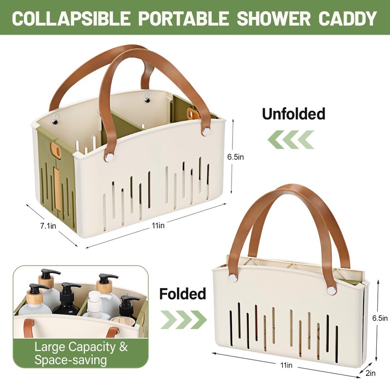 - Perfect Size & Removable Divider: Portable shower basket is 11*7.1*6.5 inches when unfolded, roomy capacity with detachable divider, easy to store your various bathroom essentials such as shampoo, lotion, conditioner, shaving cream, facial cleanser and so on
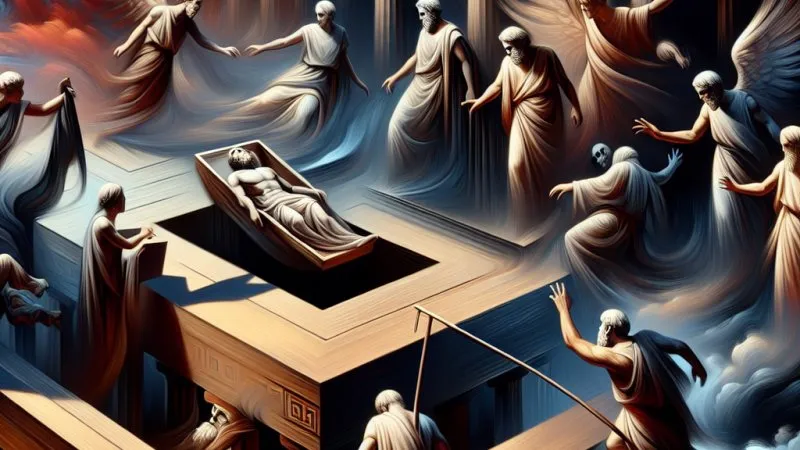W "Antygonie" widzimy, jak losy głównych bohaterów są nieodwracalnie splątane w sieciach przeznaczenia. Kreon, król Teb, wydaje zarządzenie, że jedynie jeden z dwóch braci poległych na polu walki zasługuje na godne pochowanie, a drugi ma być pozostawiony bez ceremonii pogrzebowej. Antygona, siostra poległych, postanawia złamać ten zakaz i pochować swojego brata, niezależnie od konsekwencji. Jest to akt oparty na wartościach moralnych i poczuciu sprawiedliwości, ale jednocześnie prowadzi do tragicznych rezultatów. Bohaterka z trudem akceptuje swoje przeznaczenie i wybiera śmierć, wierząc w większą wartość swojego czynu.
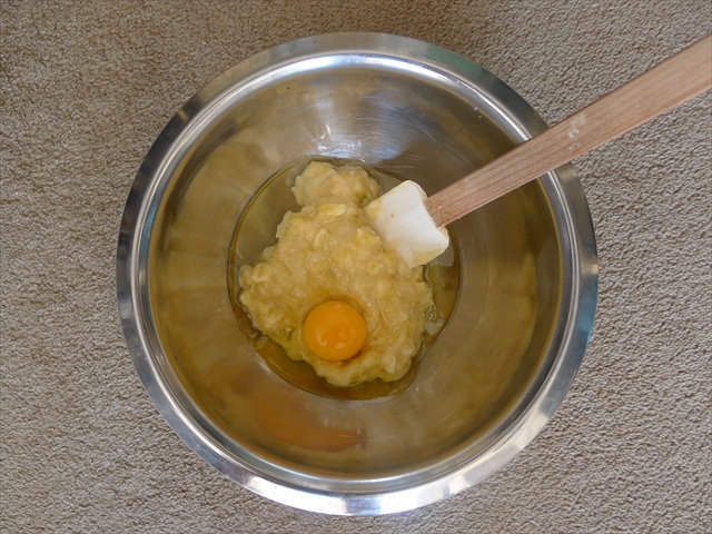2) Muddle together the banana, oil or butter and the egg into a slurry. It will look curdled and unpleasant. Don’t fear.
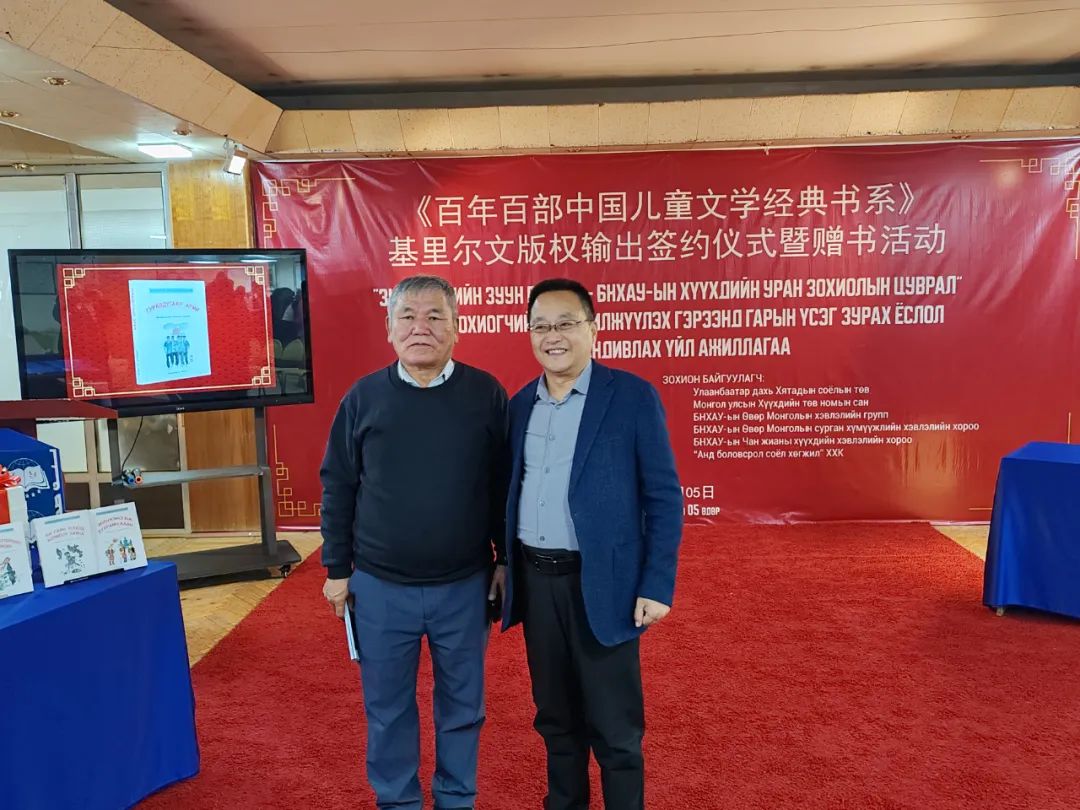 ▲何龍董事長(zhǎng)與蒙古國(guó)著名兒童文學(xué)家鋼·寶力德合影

○ ○ ○

Please repeat the listing above word for word, with the pictures removed.

 - Perfect Size & Removable Divider: Portable shower basket is 11*7.1*6.5 inches when unfolded, roomy capacity with detachable divider, easy to store your various bathroom essentials such as shampoo, lotion, conditioner, shaving cream, facial cleanser and so on
W "Antygonie" widzimy, jak losy głównych bohaterów są nieodwracalnie splątane w sieciach przeznaczenia. Kreon, król Teb, wydaje zarządzenie, że jedynie jeden z dwóch braci poległych na polu walki zasługuje na godne pochowanie, a drugi ma być pozostawiony bez ceremonii pogrzebowej. Antygona, siostra poległych, postanawia złamać ten zakaz i pochować swojego brata, niezależnie od konsekwencji. Jest to akt oparty na wartościach moralnych i poczuciu sprawiedliwości, ale jednocześnie prowadzi do tragicznych rezultatów. Bohaterka z trudem akceptuje swoje przeznaczenie i wybiera śmierć, wierząc w większą wartość swojego czynu.
2) Muddle together the banana, oil or butter and the egg into a slurry. It will look curdled and unpleasant. Don’t fear.
 ▲何龍董事長(zhǎng)與蒙古國(guó)著名兒童文學(xué)家鋼·寶力德合影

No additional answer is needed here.